=== TASK ===
Only the lines from the one with "Projektin asetuksiin pääset" through the last line of the data below are to be duplicated, exactly and without pictures.

⁂

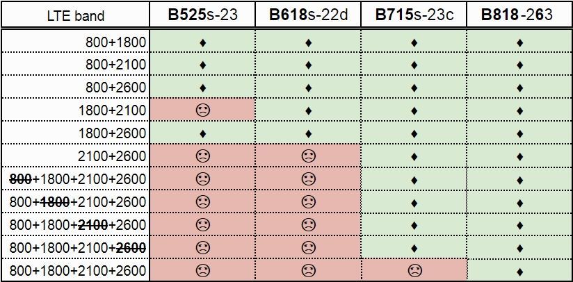 Ale ten router nie wspiera agregacji tych trzech pasm (B618)
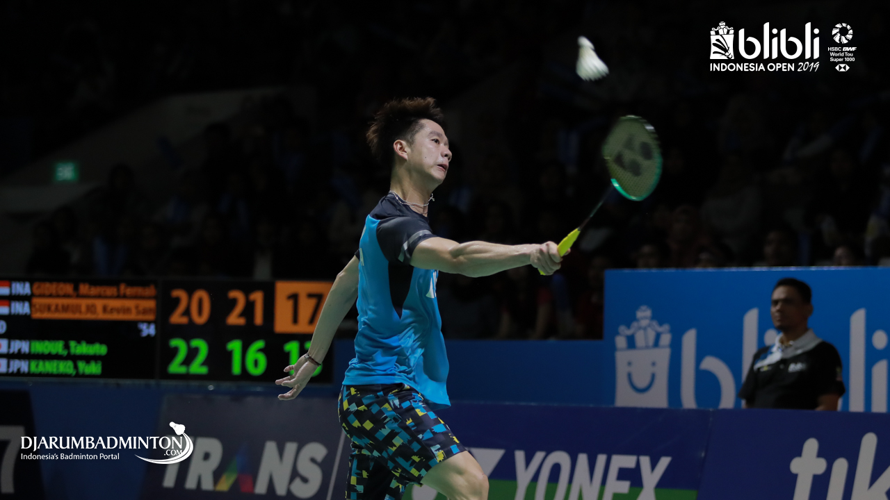 Marcus Fernaldi GIDEON (Indonesia) mengembalikan serangan
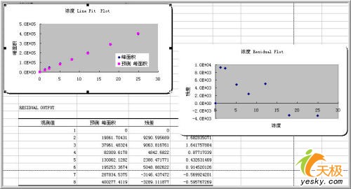 “回歸”工具為我們提供了三張圖,分別是殘差圖、線性擬合圖和正態概率圖。重點來看殘差圖和線性擬合圖。
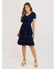 Vestido midi na malha karen com decote em V e recorte na linha princesa possui cintura alongado, recortes marias com babados a fio e manga tradicional. O vestido possui detalhes em bordado manual
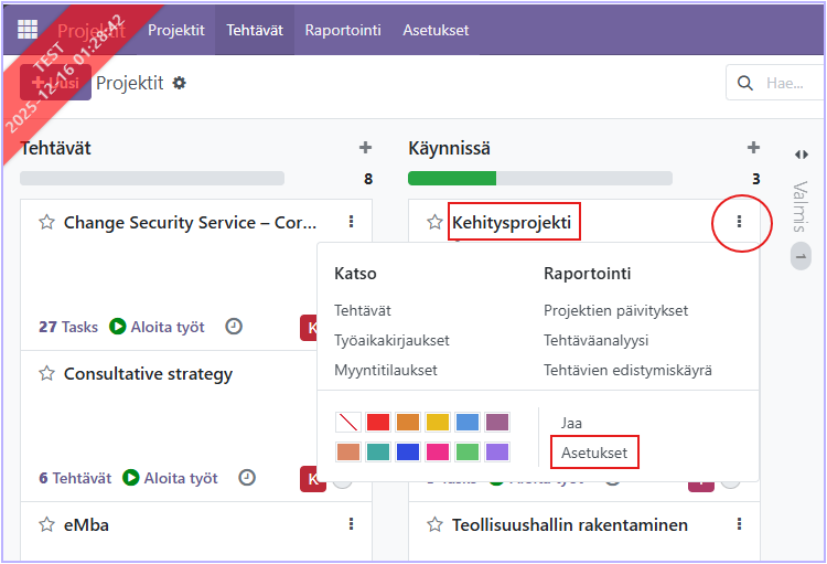 Projektin asetuksiin pääset projektinäkymästä kolmen pisteen takaa.
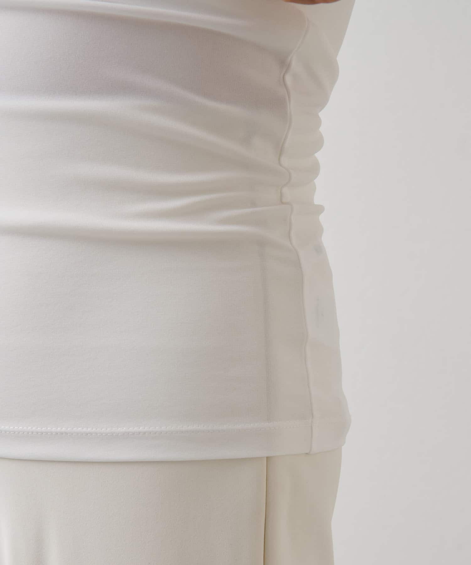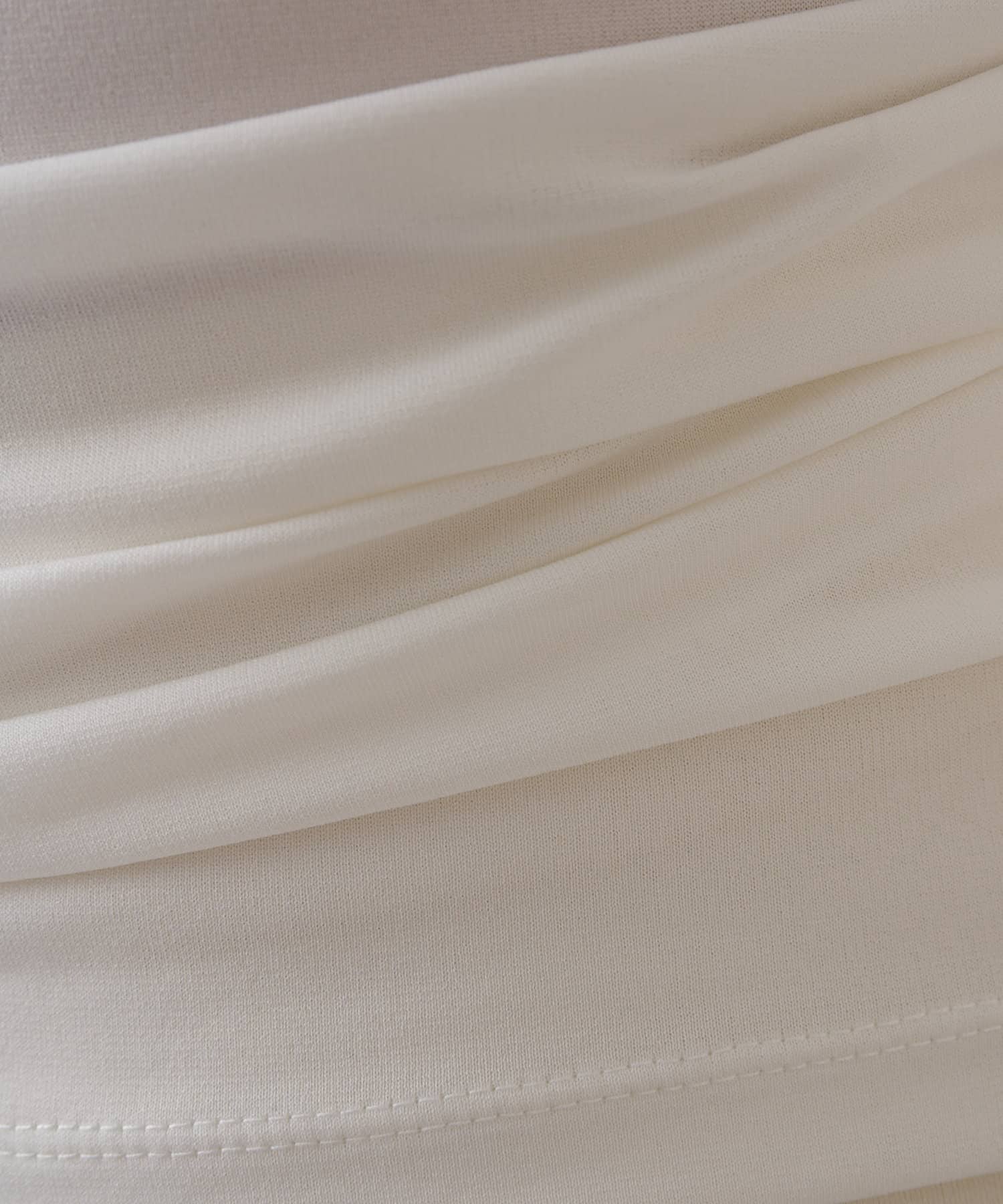 ■フロントはストレートのベアシルエットのため胸元を上品にカバーできるのもポイント。
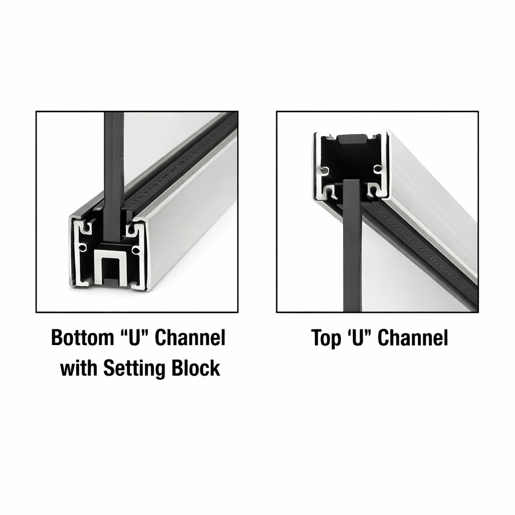 The Glaze Hardware U-Channel is specifically engineered for use with Glaze Hardware Patch Hardware and Headers for Overhead Door Closers, including installations with fixed sidelites and door rail systems. Designed for both surface and recessed mounting applications, this U-Channel provides a clean, professional finish while delivering secure glass support.
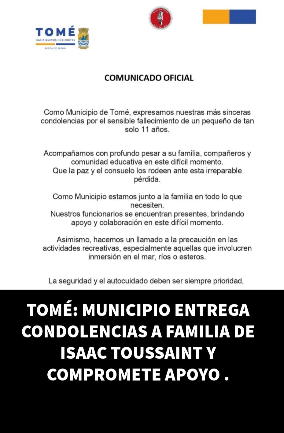 TOMÉ: MUNICIPIO ENTREGA CONDOLENCIAS A FAMILIA DE ISAAC TOUSSAINT Y COMPROMETE APOYO .

⁂

=== ANSWER AREA ===
 Projektin asetuksiin pääset projektinäkymästä kolmen pisteen takaa.
 ■フロントはストレートのベアシルエットのため胸元を上品にカバーできるのもポイント。
 The Glaze Hardware U-Channel is specifically engineered for use with Glaze Hardware Patch Hardware and Headers for Overhead Door Closers, including installations with fixed sidelites and door rail systems. Designed for both surface and recessed mounting applications, this U-Channel provides a clean, professional finish while delivering secure glass support.
 TOMÉ: MUNICIPIO ENTREGA CONDOLENCIAS A FAMILIA DE ISAAC TOUSSAINT Y COMPROMETE APOYO .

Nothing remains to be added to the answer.